PROBLEM TO SOLVE » Print exactly the lines of the listing below from the one containing "Silver ball pen" through the final line, both included, and no pictures.

INPUT DATA »
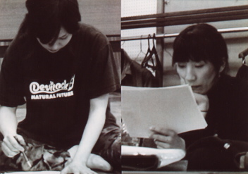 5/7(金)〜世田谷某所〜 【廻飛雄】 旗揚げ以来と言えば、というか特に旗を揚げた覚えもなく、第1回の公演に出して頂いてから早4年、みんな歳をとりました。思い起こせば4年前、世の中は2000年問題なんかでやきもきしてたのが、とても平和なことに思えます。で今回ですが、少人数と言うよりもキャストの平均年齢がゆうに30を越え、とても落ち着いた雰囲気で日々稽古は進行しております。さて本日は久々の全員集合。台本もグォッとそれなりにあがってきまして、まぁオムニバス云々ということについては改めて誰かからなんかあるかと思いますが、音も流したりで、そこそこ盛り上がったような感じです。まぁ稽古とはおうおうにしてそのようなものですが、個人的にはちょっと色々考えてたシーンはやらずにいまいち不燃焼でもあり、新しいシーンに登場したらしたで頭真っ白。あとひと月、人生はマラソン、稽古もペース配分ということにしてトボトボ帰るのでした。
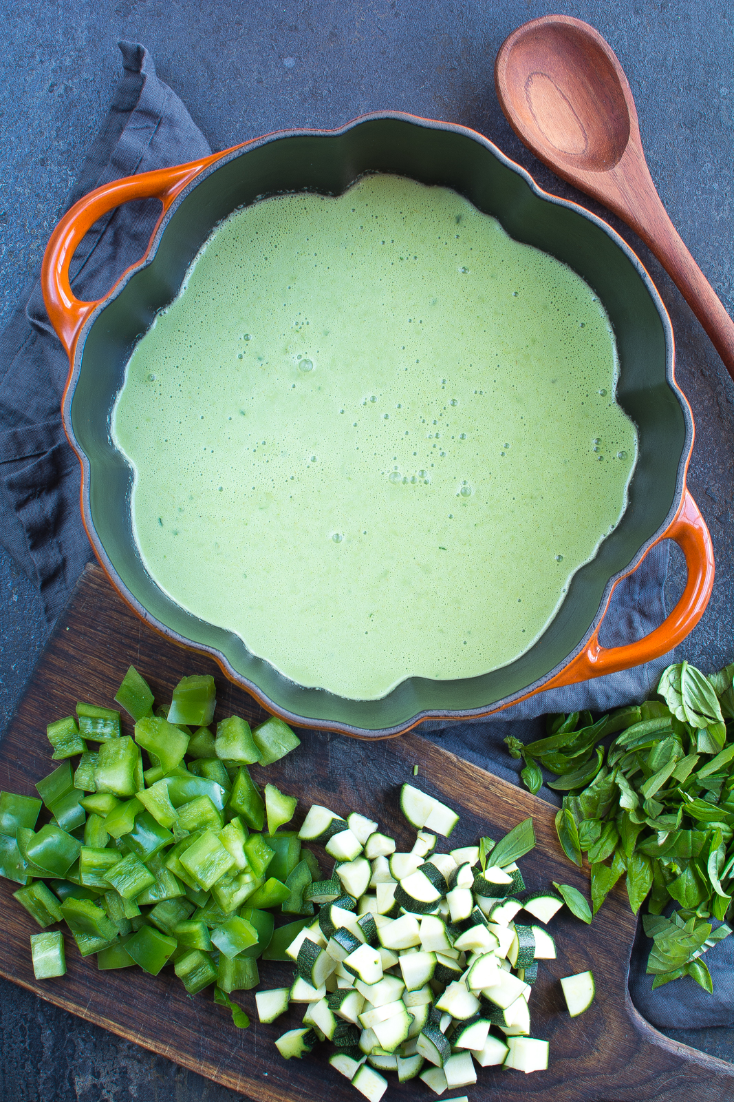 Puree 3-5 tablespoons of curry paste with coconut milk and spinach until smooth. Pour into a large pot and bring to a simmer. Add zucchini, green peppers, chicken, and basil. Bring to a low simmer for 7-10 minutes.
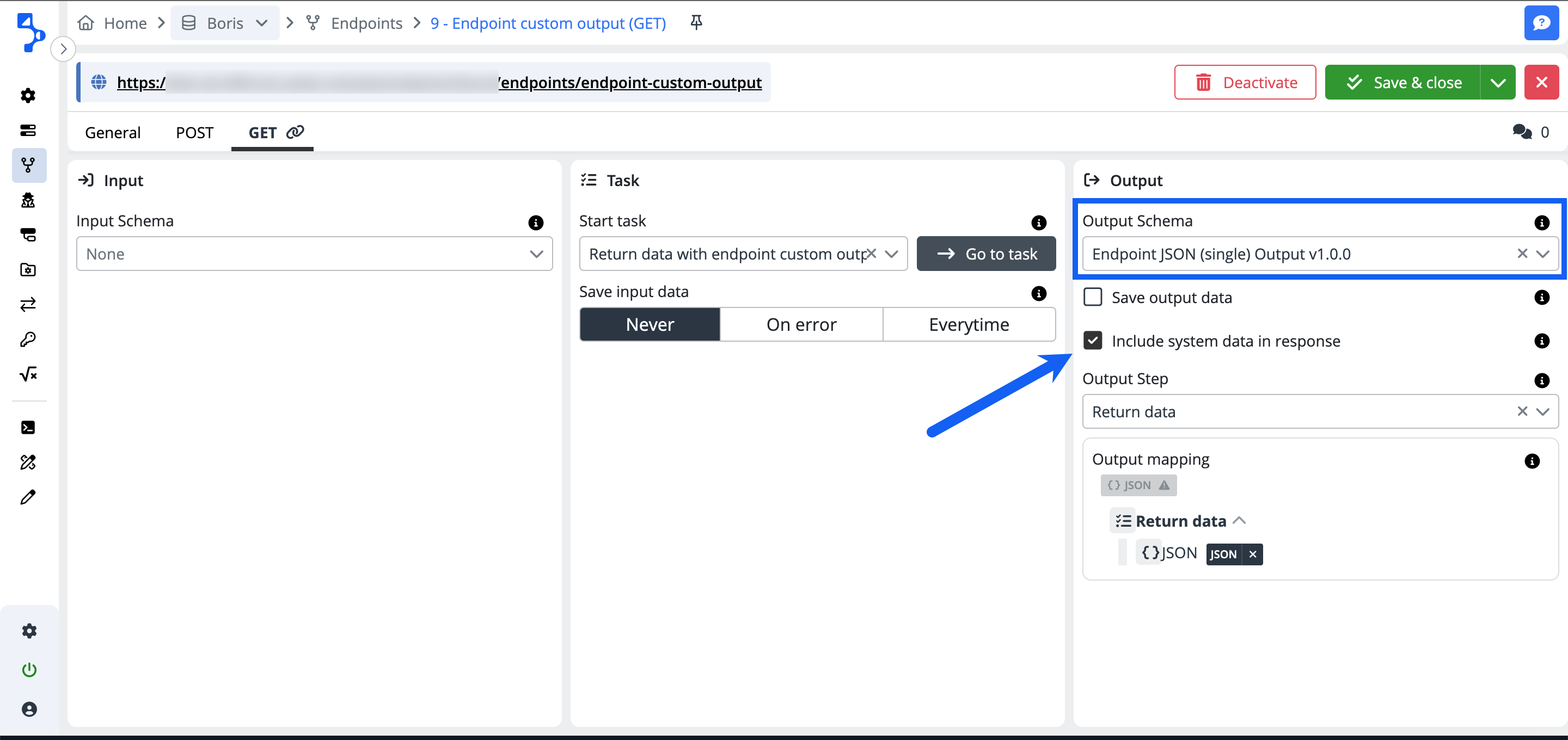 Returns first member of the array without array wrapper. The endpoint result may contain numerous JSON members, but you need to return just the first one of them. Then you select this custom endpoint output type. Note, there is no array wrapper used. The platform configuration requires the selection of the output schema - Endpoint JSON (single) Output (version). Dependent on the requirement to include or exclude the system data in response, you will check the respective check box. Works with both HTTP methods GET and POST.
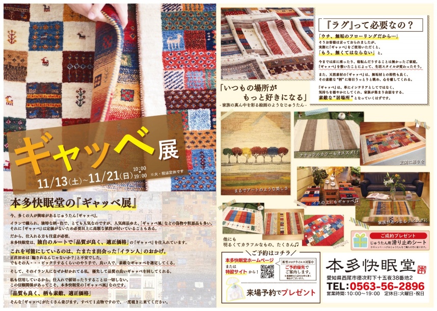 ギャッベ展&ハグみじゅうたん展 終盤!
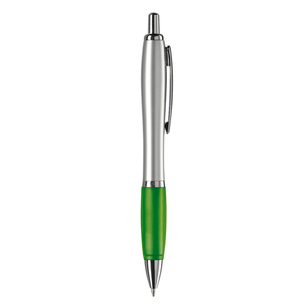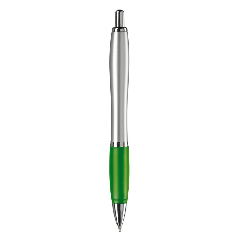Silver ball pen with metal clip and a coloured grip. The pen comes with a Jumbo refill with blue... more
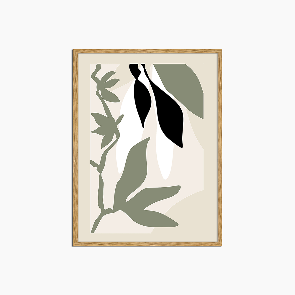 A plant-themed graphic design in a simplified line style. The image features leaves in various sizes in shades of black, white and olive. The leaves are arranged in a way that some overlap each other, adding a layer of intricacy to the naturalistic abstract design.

WORKED SOLUTION »
Silver ball pen with metal clip and a coloured grip. The pen comes with a Jumbo refill with blue... more
 A plant-themed graphic design in a simplified line style. The image features leaves in various sizes in shades of black, white and olive. The leaves are arranged in a way that some overlap each other, adding a layer of intricacy to the naturalistic abstract design.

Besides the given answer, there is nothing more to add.